Ангела прикурила, сильно затянулась, сразу спалив почти всю папиросу, и выпустила долгий, широкий и густой протуберанец дыма.

– Как ваш Мутный?

– С вашей помощью я побеждаю его. С тех пор как вы его назвали, я дрожу всё меньше.

– Слава Богу!

– Слава вам, доктор. За вас! – Она подняла стакан.

Маша присоединилась. Ангела одним глотком ополовинила стакан.

– Дорогая, не советую вам после процедуры налегать на алкоголь, – произнёс Гарин.

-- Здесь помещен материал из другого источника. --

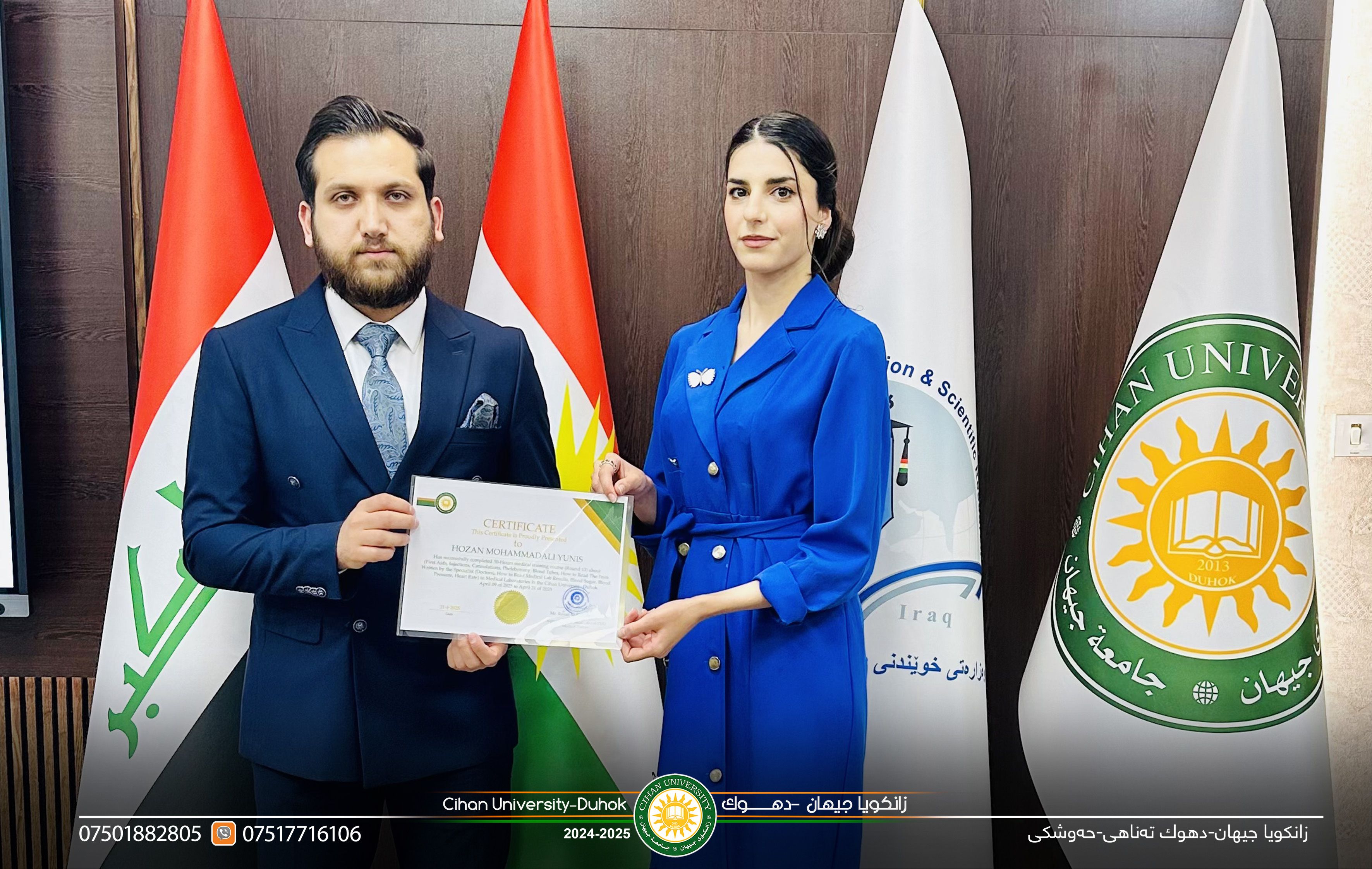 On 2025/04/21 the closing ceremony of the medical course (Round 13) under the supervision of the course trainer Mr. (Rayan Sadeeq Ahmad) Supervisor of Medical Laboratory at Cihan University - Duhok, it is worth mentioning that after 30 hours of teaching and training, certificates were distributed to the participants..
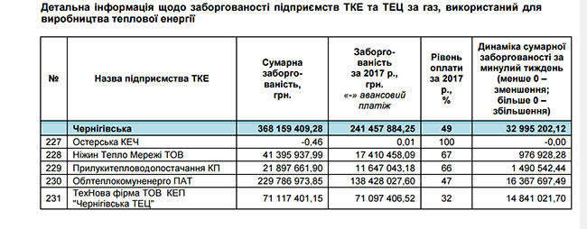 Если брать по городу Чернигову, то наибольшим должником является «Облтеплокоммунэнерго» – 230 млн. грн. При этом задолженность за 2017 год – 138 млн. грн. Уровень оплат в текущем году составил 47%.
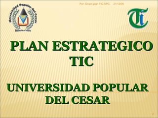 El documento presenta el Plan Estratégico de Tecnologías de la Información y Comunicación (TIC) 2009-2012 de la Universidad Popular del Cesar. El plan tiene como visión que para 2012 la universidad sea reconocida por su liderazgo en procesos de enseñanza a través de programas académicos de calidad y pertinencia apoyados por las TIC. El plan propone objetivos como disponer de una comunidad que use efectivamente las TIC, tener un modelo educativo integrado con las TIC, y contar con infraestructura y alianzas
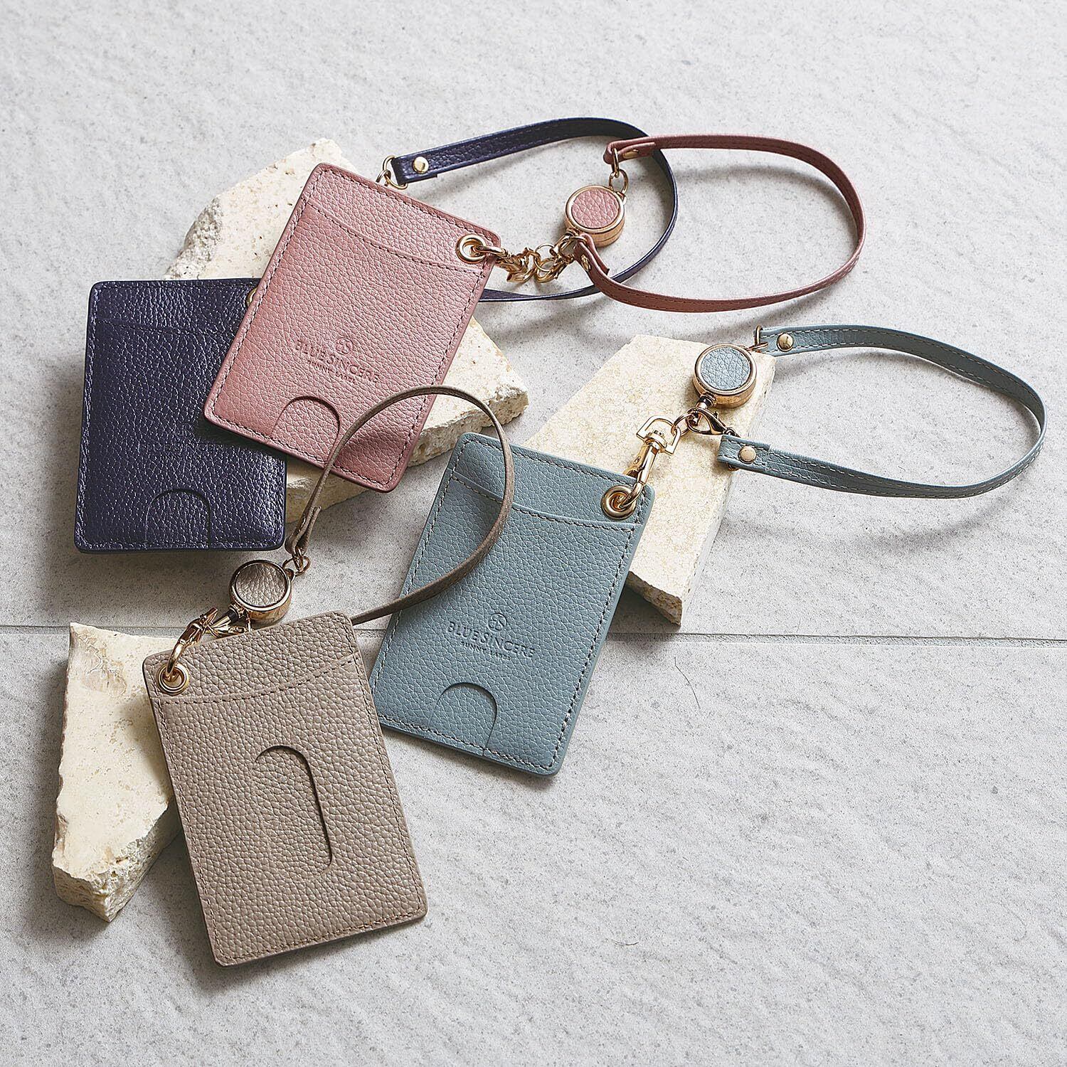 [BLUE SINCERE] ブルーシンシア パスケース リール付き 本革 定期入れ レディース シュリンクレザー 2枚 両面 伸びる ストラップ付き icカードケース / PC3
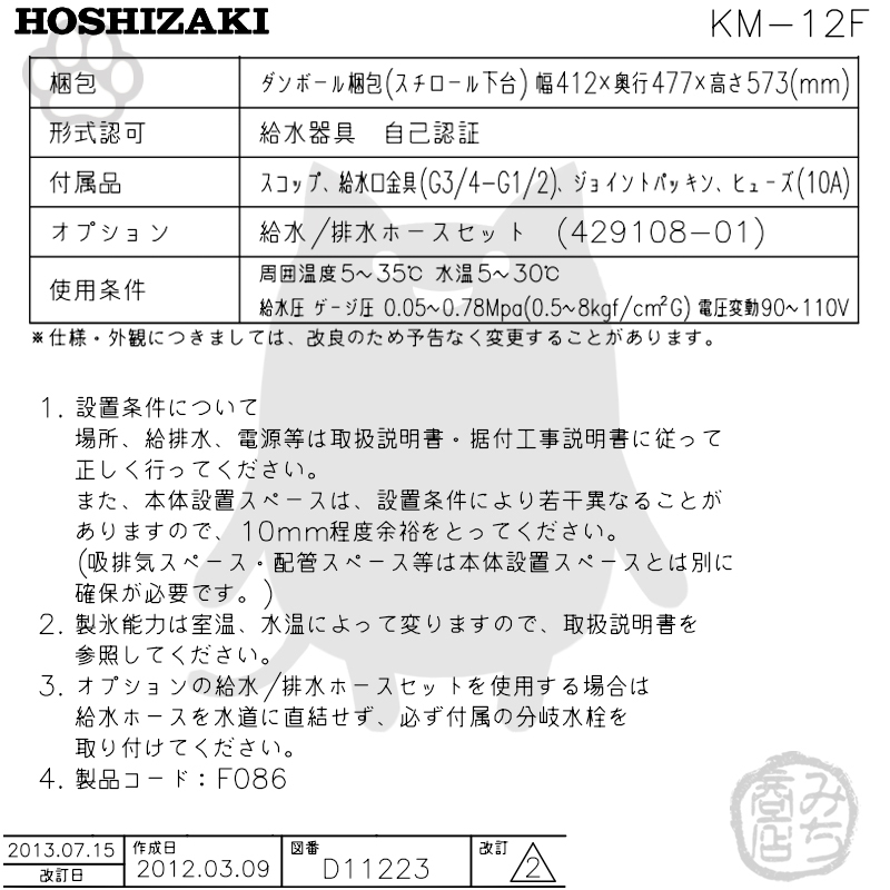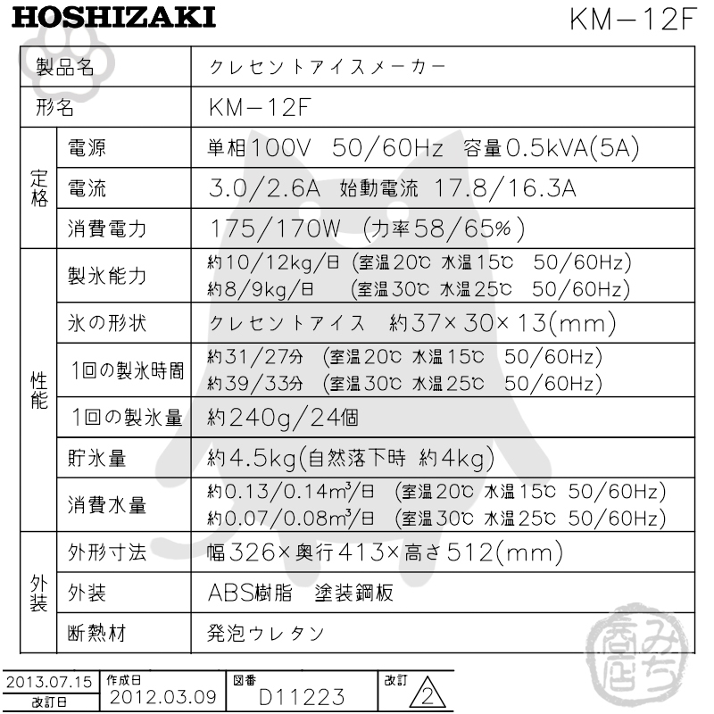 KM-12F ホシザキ 製氷機 クレセントアイス 卓上タイプ 幅326×奥413×高512mm

– Ах! – Она махнула гибкой рукой. – Ерунда. За девяносто семь лет мне пришлось выпить столько разных национальных напитков разнообразной крепости, что моя печень закалена навечно. Когда Бавария в первый раз решила отделиться, я поехала к ним одна, без свиты. Это было время Октоберфеста. Они меня даже не встретили в аэропорте имени их жирного Франца-Йозефа. Ignorieren! Всё правительство на Октоберфесте. Прекрасно. Я человек суровой прусской этики, нам чужда вся эта южная пивная карнавальность. Но – дело есть дело. Поехала туда, вошла в павильон. Сперва оторопели. Потом весь павильон стал орать: “Бу-у-у!” Так у нас в театрах приветствуют провальные пьесы. Времена тогда были крутые – ПИР[42]ломилась в двери. Люди на взводе. Наци подняли головы. Атмосфера накалена. Сидят баварские политики, бизнесмены, военные, стучат кружками и кричат: “Бу!” Ладно, что ж. Подошла, села. Подходит ко мне официантка. И я ей показываю…

Ангела подняла руку и растопырила все свои четыре пальца.

– И приносит она vier Ma ß.

– Это что? – спросила Маша. – Увы, я не была в Баварии.

– Четыре литровые кружки пива. Павильон притих. Смотрят. И я молча, спокойно, без передышки выпила подряд все четыре кружки. Загудели, засмеялись одобрительно. Я посидела, а потом ка-а-ак рыгну! Вы же знаете, как pb умеют рыгать.

– О да! – тряхнул бородой Гарин.

– Там акустика хорошая была. Весь павильон притих сразу. А я молча расплатилась, встала и выкатилась оттуда. Через пару дней вопрос о выходе Баварии был снят с повестки.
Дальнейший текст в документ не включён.